В разгоряченном воображении Марухи мелькали разные картины, вплоть до самых фантастических. Она старалась скрывать свою тревогу от Беатрис, боясь, что та не выдержит правды. Но на самом деле Беатрис это не грозило. Она даже мысли не допускала о том, что Марину могли убить. Сны, которые ей тогда снились, тоже настраивали ее на безмятежный лад. То брат Альберто, которого она видела отчетливо, как наяву, подробно докладывал об усилиях, которые он предпринимает для их освобождения, говорил, что все будет хорошо, надо только чуточку потерпеть – и они окажутся на свободе. То отец приносил успокоительное известие, что с кредитными карточками, которые она забыла в сумке, ничего не случилось. Эти видения были настолько реальными, что Беатрис сама не могла определить, где сон, а где явь.
В те дни Маруху и Беатрис стерег семнадцатилетний парень по прозвищу Пророк Иона. Он имел обыкновение с семи утра включать гнусавый магнитофон и слушать музыку. Любимые песни он включал на полную громкость и наслаждался ими до полного одурения, подпевая что было мочи:
Сучья жизнь у меня,
Сучья, собачья.
Ну зачем же, зачем,
Ввязался в это я?!
В спокойную минуту Иона любил побеседовать с Беатрис о своей семье. Но никогда не договаривал до конца, а лишь загадочно вздыхал:
– Если б вы знали, кто мой отец!
Ответа они так и не узнали, и нераскрытая тайна, – как и многие другие тайны, в которых не посвящали их охранники, – придавала обстановке, в которой жили заложницы, еще больше фантасмагоричности.

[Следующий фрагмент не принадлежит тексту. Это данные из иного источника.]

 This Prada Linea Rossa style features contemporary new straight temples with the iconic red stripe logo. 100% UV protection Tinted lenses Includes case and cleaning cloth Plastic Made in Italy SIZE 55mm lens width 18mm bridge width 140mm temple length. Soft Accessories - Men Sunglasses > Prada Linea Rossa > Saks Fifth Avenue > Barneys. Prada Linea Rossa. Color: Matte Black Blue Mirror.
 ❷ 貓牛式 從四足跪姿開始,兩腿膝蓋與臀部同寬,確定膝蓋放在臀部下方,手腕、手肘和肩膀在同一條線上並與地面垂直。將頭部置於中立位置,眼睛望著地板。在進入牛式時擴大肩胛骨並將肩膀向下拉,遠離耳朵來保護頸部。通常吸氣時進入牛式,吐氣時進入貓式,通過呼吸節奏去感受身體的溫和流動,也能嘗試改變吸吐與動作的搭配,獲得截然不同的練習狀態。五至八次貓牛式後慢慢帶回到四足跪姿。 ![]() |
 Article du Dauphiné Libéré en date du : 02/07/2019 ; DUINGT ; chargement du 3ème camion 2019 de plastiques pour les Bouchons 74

Дворецкий, отвечавший за благополучие в доме, вероятно, доложил начальству о том, что пленницы нервничают. Во всяком случае, двое шефов внезапно явились их успокаивать. Телевизор и радиоприемник, правда, опять не вернули, но зато постарались улучшить бытовые условия. Пообещали привезти книги, но привезли всего несколько, в том числе роман Корин Тельядо. Еще принесли красочные журналы, но свежеизданного среди них не оказалось ни одного. Вместо тусклой синей лампочки вкрутили гораздо более мощную и разрешили включать свет на час в семь утра и в семь вечера, чтобы можно было читать. Впрочем, Беатрис и Маруха уже настолько привыкли к жизни в потемках, что яркий свет оказался для них невыносим. Кроме того, воздух от горящей лампы сильно разогревался, и в комнате становилось душно.

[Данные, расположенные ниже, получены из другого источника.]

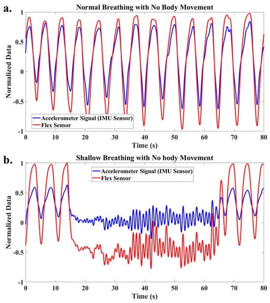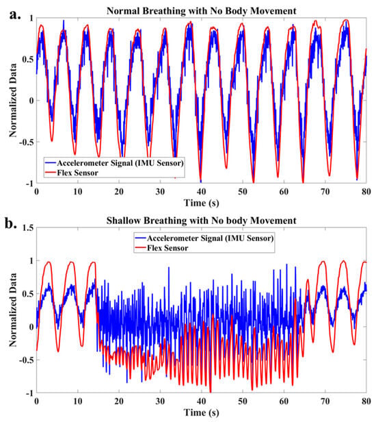 Figure 3 shows the accelerometer data in the normal direction and the flex sensor data during normal (Figure 3a) and shallow breathing (Figure 3b). Notably, there was no body movement during these breathing tests. This shows that without the body movement, both sensors can capture the breathing signal. Therefore, after data processing, it is possible to find the breathing rate and type from these data without sensor fusion when the participant is completely stationary and there is no body movement.
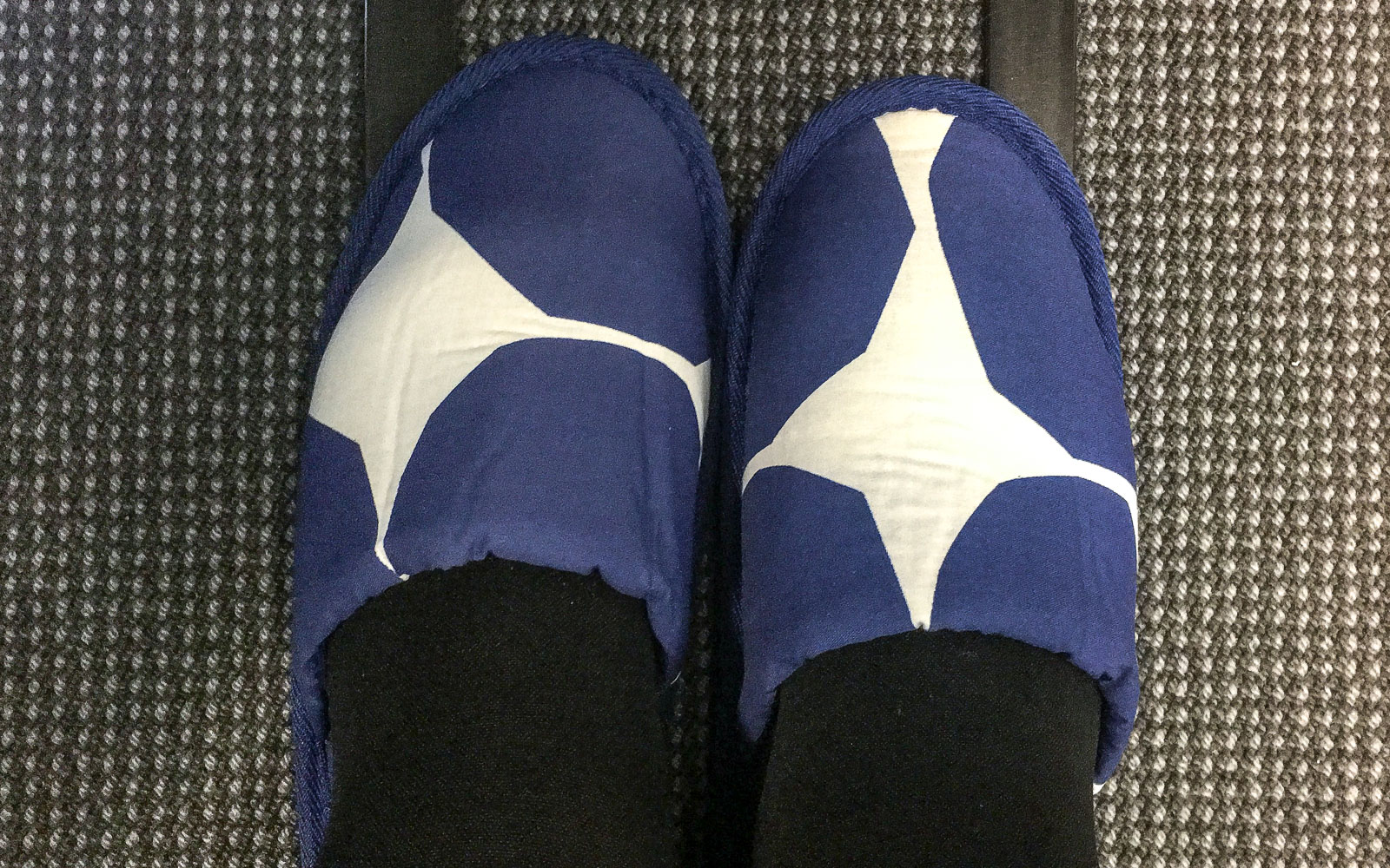 En ole koskaan lentänyt business-luokassa, tosin lennotkin ovat pääosin olleet Euroopassa. Mutta kerran sain mieheltä oikein Marimekko-kuosiset tossut “tuliaisiksi”, kun hän oli ne saanut business-luokasta :)
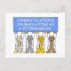 Cartoon cats wearing white coats and standing up on their back paws. The cats are holding up a blue sign that says 'Congratulations on graduating as a veterinarian'.
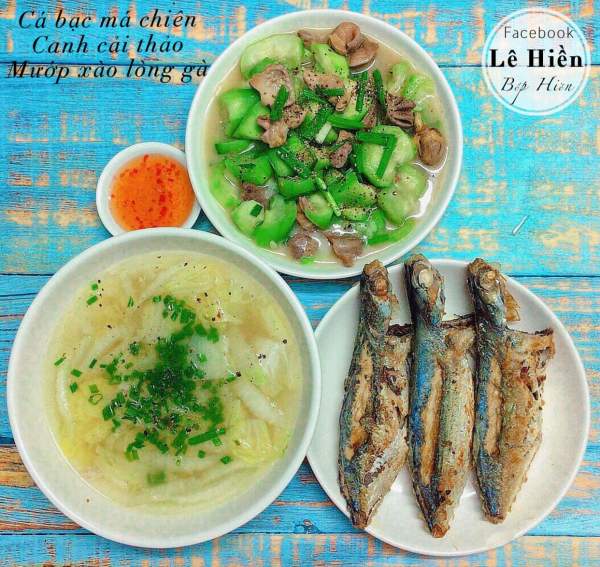 Cá bạc má chiên - Canh cải thảo - Mướp xào lòng gà

Маруха впала в апатию, как бывает с безнадежно больными людьми. Она сутками лежала на матрасе лицом к стене, притворяясь спящей, чтобы ни с кем не разговаривать, и почти ничего не ела. Беатрис заняла освободившуюся кровать и с головой погрузилась в разгадывание журнальных кроссвордов и головоломок. Как ни горестно, но суровая правда жизни действительно подтверждала поговорку: «Меньше народу – больше кислороду». И напряжения в комнате стало меньше, когда там осталось не пять человек, а четыре.
Пророк Иона сдал вахту в конце января. На прощание он оказал заложницам большое доверие.
– Я вам кое-что скажу, но только вы меня не выдавайте, – попросил Иона и обрушил на них известие, которым, видимо, давно хотел поделиться: – Донью Диану Турбай убили.
Этот удар пробудил их от спячки. Маруха потом называла тот момент самым страшным за время плена. Беатрис старалась отогнать мысль о том, что ей казалось неотвратимым: «Раз Диану убили, значит, следующей буду я». Ведь она уже давно, еще первого января, когда рухнули надежды на освобождение до Нового года, сказала себе: «Или выпустят в ближайшие дни, или я умру».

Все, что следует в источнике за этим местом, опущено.